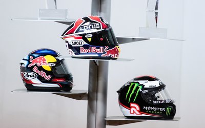 A MotoGP jelenlegi mezőnyéből pont a képen látható fejfedők viselői tornyosulnak a vetélytársak fölé. (Pedrosa, Marquez, Lorenzo, balról jobbra)
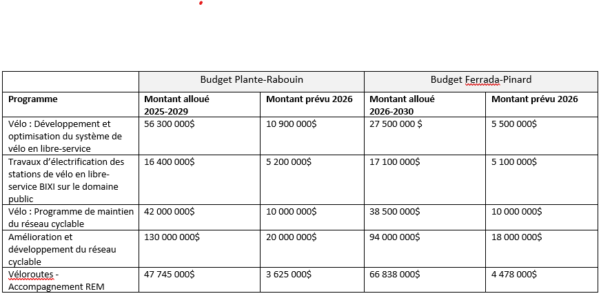 - Diminution de 36 millions / 5 ans du budget de développement du réseau vs. augmentation de 20 millions / 5 ans du programme de véloroute du REM. Globalement diminution de l’ambition du développement du réseau cyclable, et le projet de Véloroute prend une part plus importante du financement.
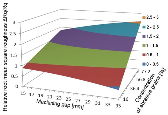 The impact of machining gap width and concentration of abrasive grains, at constant processing time (T = 15 min), on relative change in roughness ΔRq/Rq (correlation coefficient R = 0.57).
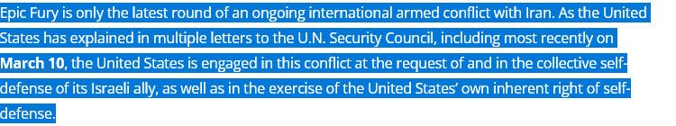 L’opération « Epic Fury » n’est que le dernier épisode en date d’un conflit armé international en cours avec l’Iran. Comme les États-Unis l’ont expliqué dans plusieurs lettres adressées au Conseil de sécurité des Nations unies, dont la plus récente date du 10 mars, ils sont engagés dans ce conflit à la demande de leur allié israélien et dans le cadre de la légitime défense collective de celui-ci, ainsi que dans l’exercice de leur propre droit inhérent à la légitime défense.
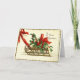 Vintage Christmas postcard with illustration of sled, ribbon and holly.
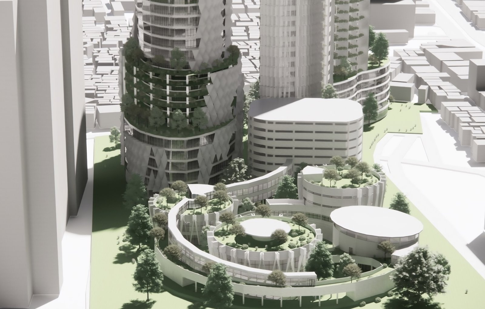 Rancangan arsitektural ini mengedepankan pendekatan pedestrian-orienteddevelopment yang berpadu dengan prinsip TOD (Transit Oriented Development), merespons lokasi strategis di kawasan Duta Merlin, Jakarta Pusat, yang terintegrasi langsung dengan akses MRT dan halte Harmoni. Perencanaan tapak dirancang untuk memprioritaskan kenyamanan pejalan kaki melalui penciptaan ruang terbuka hijau, jalur pedestrian yang aman, serta zona interaksi publik yang berfungsi sebagai pusat urban entertainment. Komposisi fungsi bangunan mixed-use yang mencakup perkantoran, hunian vertikal, dan area retail disusun secara sinergis untuk menjawab kebutuhan masyarakat urban di kawasan padat penduduk yang belum sepenuhnya didukung oleh fasilitas rekreasi dan ruang publik yang representatif.

- **Goal of the exercise**: The answer must be an exact copy of the entries, with the pictures omitted.

- **Result of the exercise**:
 A MotoGP jelenlegi mezőnyéből pont a képen látható fejfedők viselői tornyosulnak a vetélytársak fölé. (Pedrosa, Marquez, Lorenzo, balról jobbra)
 - Diminution de 36 millions / 5 ans du budget de développement du réseau vs. augmentation de 20 millions / 5 ans du programme de véloroute du REM. Globalement diminution de l’ambition du développement du réseau cyclable, et le projet de Véloroute prend une part plus importante du financement.
 The impact of machining gap width and concentration of abrasive grains, at constant processing time (T = 15 min), on relative change in roughness ΔRq/Rq (correlation coefficient R = 0.57).
 L’opération « Epic Fury » n’est que le dernier épisode en date d’un conflit armé international en cours avec l’Iran. Comme les États-Unis l’ont expliqué dans plusieurs lettres adressées au Conseil de sécurité des Nations unies, dont la plus récente date du 10 mars, ils sont engagés dans ce conflit à la demande de leur allié israélien et dans le cadre de la légitime défense collective de celui-ci, ainsi que dans l’exercice de leur propre droit inhérent à la légitime défense.
 Vintage Christmas postcard with illustration of sled, ribbon and holly.
 Rancangan arsitektural ini mengedepankan pendekatan pedestrian-orienteddevelopment yang berpadu dengan prinsip TOD (Transit Oriented Development), merespons lokasi strategis di kawasan Duta Merlin, Jakarta Pusat, yang terintegrasi langsung dengan akses MRT dan halte Harmoni. Perencanaan tapak dirancang untuk memprioritaskan kenyamanan pejalan kaki melalui penciptaan ruang terbuka hijau, jalur pedestrian yang aman, serta zona interaksi publik yang berfungsi sebagai pusat urban entertainment. Komposisi fungsi bangunan mixed-use yang mencakup perkantoran, hunian vertikal, dan area retail disusun secara sinergis untuk menjawab kebutuhan masyarakat urban di kawasan padat penduduk yang belum sepenuhnya didukung oleh fasilitas rekreasi dan ruang publik yang representatif.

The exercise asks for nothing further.